# Cadillac Global Sales Increase 22.1% in March



## [email protected] (Aug 15, 2012)

Cadillac sold 27,406 vehicles in March 2017 globally, an increase of 22.1 percent. March was the 10th consecutive month of double-digit percentage growth.

Cadillac sales in the rapidly expanding midsize luxury crossover segment grew 65 percent in March and 54.4 percent so far in 2017. Cadillac's new XT5 luxury crossover continues to be one of the U.S. market's best-selling luxury vehicles.

Cadillac's growth in China, the world's largest market, was a robust 63 percent in March. Cadillac remains the fastest-growing luxury automotive brand in China.

The brand continues its sustained trajectory of increasing transaction prices.
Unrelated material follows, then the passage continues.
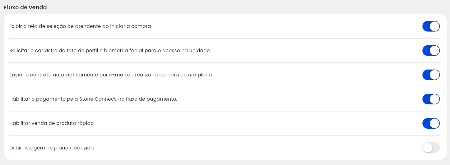 2.4. Em “Fluxo de venda” habilite/desabite as configurações conforme necessário;

According to Power Information Network, the average U.S. transaction price for a new Cadillac in March rose to $54,268, thousands more than luxury competitors such as BMW, Audi and Lexus.

"For ten consecutive months now, Cadillac's disciplined strategy and strong product substance have produced double-digit gains of global sales growth," said Cadillac President Johan de Nysschen. "Average transaction prices in the U.S market continue to increase, and the XT5 luxury crossover continues to grow the business in one of the most competitive segments."



*Read about BMW brand sales for March here!*

*Audi is looking is looking to rejuvenate their line-up over the coming years to hopefully increase sales. Read about it here!*


----------



## rdollie (Aug 6, 2003)

I bought a '17 Cadillac CTS-V in March and added to those numbers. My M3 is getting dusty in a corner of the garage these days...


----------